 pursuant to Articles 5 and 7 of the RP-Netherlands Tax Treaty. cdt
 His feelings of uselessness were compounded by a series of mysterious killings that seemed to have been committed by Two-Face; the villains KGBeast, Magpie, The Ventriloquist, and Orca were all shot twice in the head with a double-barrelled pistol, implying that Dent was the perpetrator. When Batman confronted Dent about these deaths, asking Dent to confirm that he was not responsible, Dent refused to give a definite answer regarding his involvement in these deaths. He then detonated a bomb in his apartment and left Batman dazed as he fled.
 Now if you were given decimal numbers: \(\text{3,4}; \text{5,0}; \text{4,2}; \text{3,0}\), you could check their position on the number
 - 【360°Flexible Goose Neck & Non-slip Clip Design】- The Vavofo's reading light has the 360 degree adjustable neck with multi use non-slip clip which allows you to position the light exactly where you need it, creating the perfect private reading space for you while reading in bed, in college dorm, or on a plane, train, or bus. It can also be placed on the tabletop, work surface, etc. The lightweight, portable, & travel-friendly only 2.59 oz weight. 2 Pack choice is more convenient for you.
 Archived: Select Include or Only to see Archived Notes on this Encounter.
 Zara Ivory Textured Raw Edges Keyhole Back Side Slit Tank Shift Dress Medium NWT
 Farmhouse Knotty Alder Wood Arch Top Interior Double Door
---
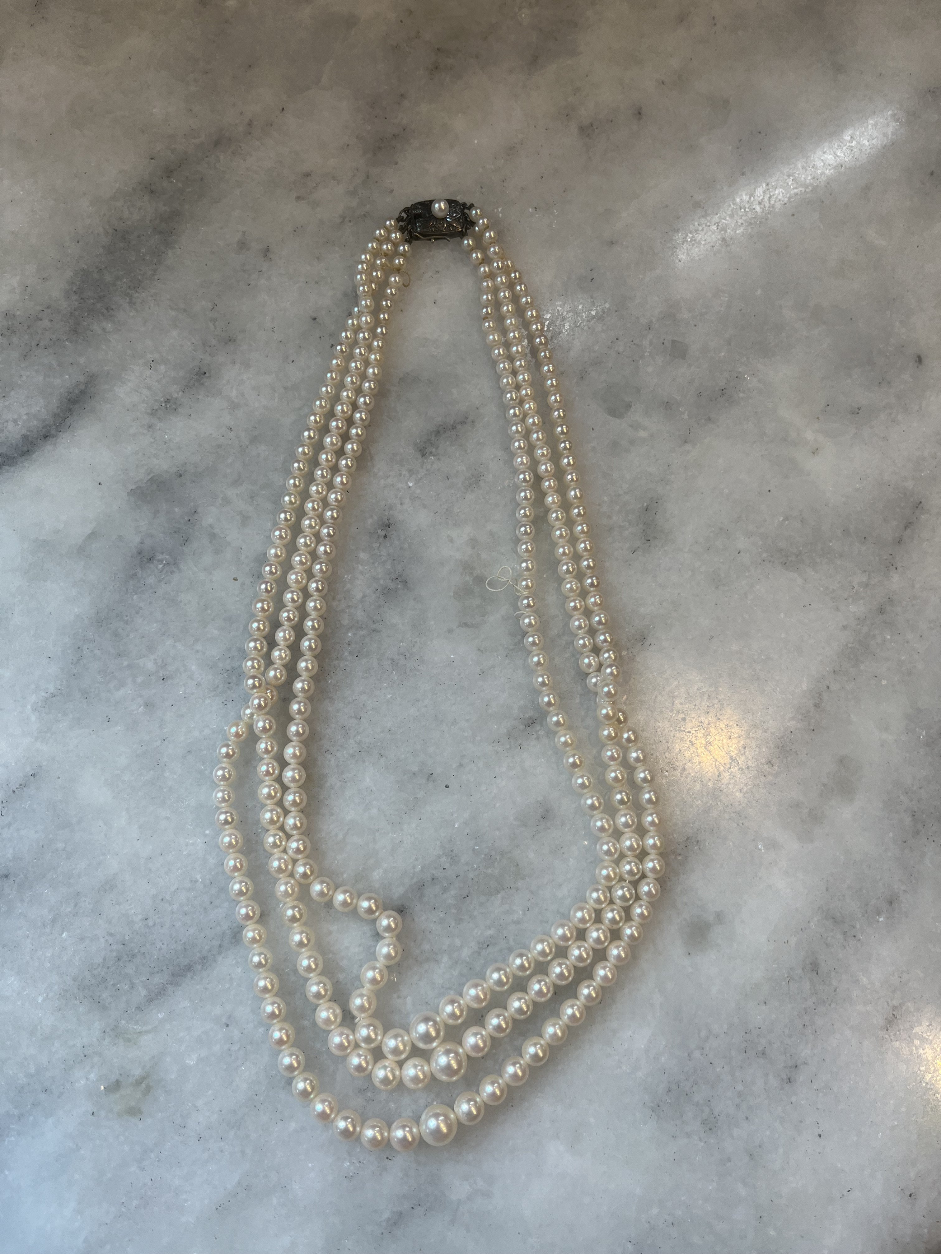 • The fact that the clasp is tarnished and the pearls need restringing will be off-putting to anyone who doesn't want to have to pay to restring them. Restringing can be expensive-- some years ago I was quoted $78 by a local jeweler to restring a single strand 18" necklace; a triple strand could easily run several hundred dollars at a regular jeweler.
---
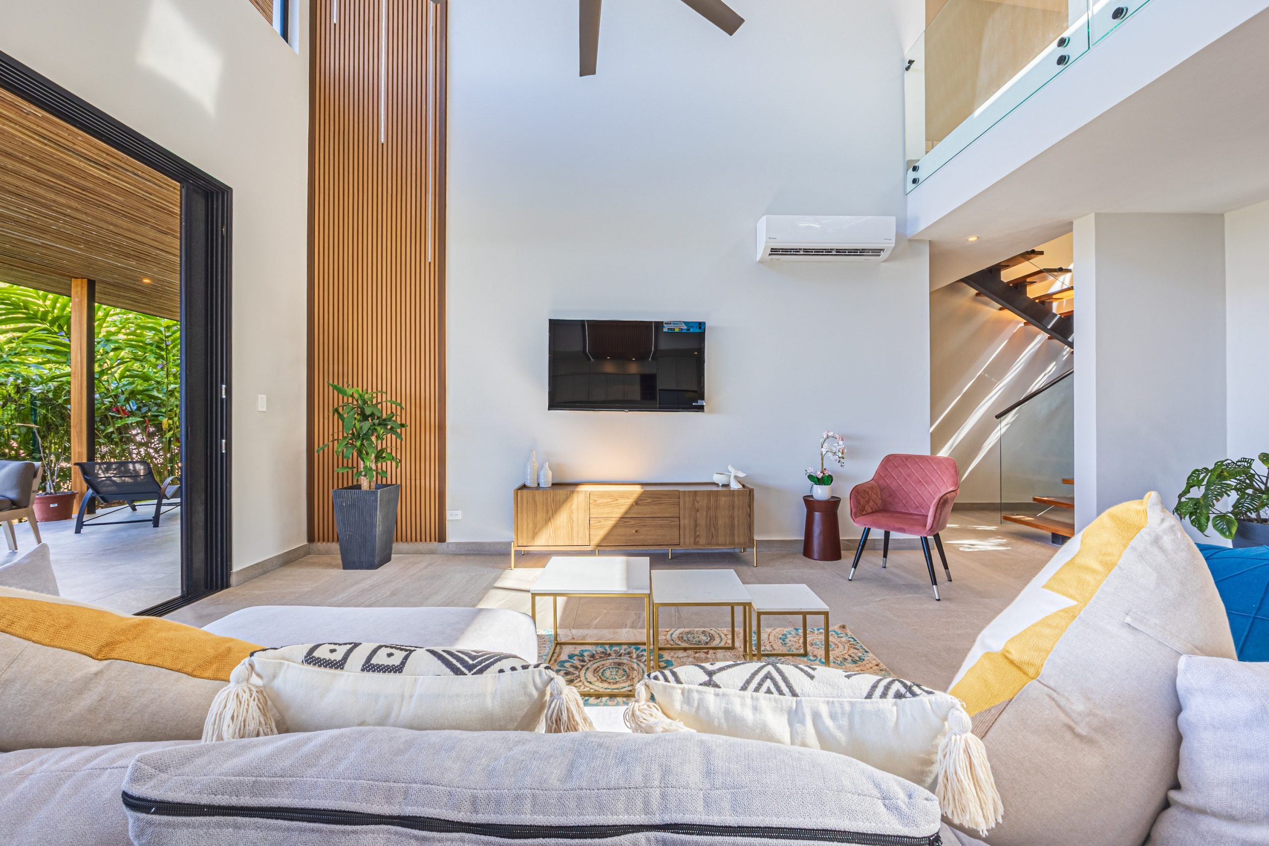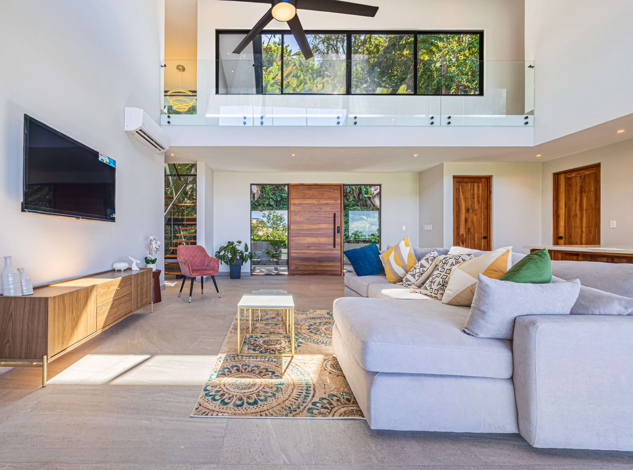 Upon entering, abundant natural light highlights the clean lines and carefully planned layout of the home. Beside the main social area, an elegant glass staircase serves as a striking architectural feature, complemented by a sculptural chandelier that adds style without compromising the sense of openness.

◆ **TASK REQUIREMENTS**:
From the data above, return every line from the line that has "pursuant to Articles" up to and including the line that has "Farmhouse Knotty Alder", exactly.

◆ **RESPONSE TO THIS EXERCISE**:
 pursuant to Articles 5 and 7 of the RP-Netherlands Tax Treaty. cdt
 His feelings of uselessness were compounded by a series of mysterious killings that seemed to have been committed by Two-Face; the villains KGBeast, Magpie, The Ventriloquist, and Orca were all shot twice in the head with a double-barrelled pistol, implying that Dent was the perpetrator. When Batman confronted Dent about these deaths, asking Dent to confirm that he was not responsible, Dent refused to give a definite answer regarding his involvement in these deaths. He then detonated a bomb in his apartment and left Batman dazed as he fled.
 Now if you were given decimal numbers: \(\text{3,4}; \text{5,0}; \text{4,2}; \text{3,0}\), you could check their position on the number
 - 【360°Flexible Goose Neck & Non-slip Clip Design】- The Vavofo's reading light has the 360 degree adjustable neck with multi use non-slip clip which allows you to position the light exactly where you need it, creating the perfect private reading space for you while reading in bed, in college dorm, or on a plane, train, or bus. It can also be placed on the tabletop, work surface, etc. The lightweight, portable, & travel-friendly only 2.59 oz weight. 2 Pack choice is more convenient for you.
 Archived: Select Include or Only to see Archived Notes on this Encounter.
 Zara Ivory Textured Raw Edges Keyhole Back Side Slit Tank Shift Dress Medium NWT
 Farmhouse Knotty Alder Wood Arch Top Interior Double Door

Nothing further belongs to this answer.